Qualifiers
The language uses a system of annotqualifiers) to explicitly define the memory hierarchy and movement of data across different hardware components. This provides a complete mental model for data management, from CPU RAM to GPU SRAM.
@host
- Hardware: CPU RAM
- Typical Usage: Dataset loading and heavy preprocessing tasks (Pandas-style). This is standard, pageable system memory.
@pinned
- Hardware: CPU RAM (Page-locked / Pinned)

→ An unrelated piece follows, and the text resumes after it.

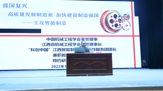 典礼上,李立德教授作《高质量发展制造业,加快建设制造强国》专题讲座。李教授以他独特的见解向同学们讲解了中国制造业发展面临的形势,建设制造强国主要技术路线,江西智能制造(产业)面临的机遇与挑战等。他指出,建设制造强国主要要依靠技术创新,建立制造业评价体系,主攻智能制造建设制造强国,建设网络强国,助推智能制造高质量发展。

- Typical Usage: Transit buffers used to stream data to GPUs at high bandwidth (e.g., 32GB/s+). Since it cannot be paged out to disk, it allows for faster DMA transfers to the device.
@global
- Hardware: GPU VRAM
- Typical Usage: Storage of model weights, biases, and gradients on a single GPU board. This is the main high-capacity memory on the device.
@sharded
- Hardware: Cluster VRAM (Multi-GPU)
- Typical Usage: Distribution of giant models (e.g., Llama 405B) across 8+ GPUs. It abstracts the partitioned memory across a cluster of devices.
@shared
- Hardware: GPU SRAM (Shared Memory)
- Typical Usage: Ultra high-speed computation inside a kernel (e.g., Tiling). This is the small, fast, on-chip memory shared by threads within the same block.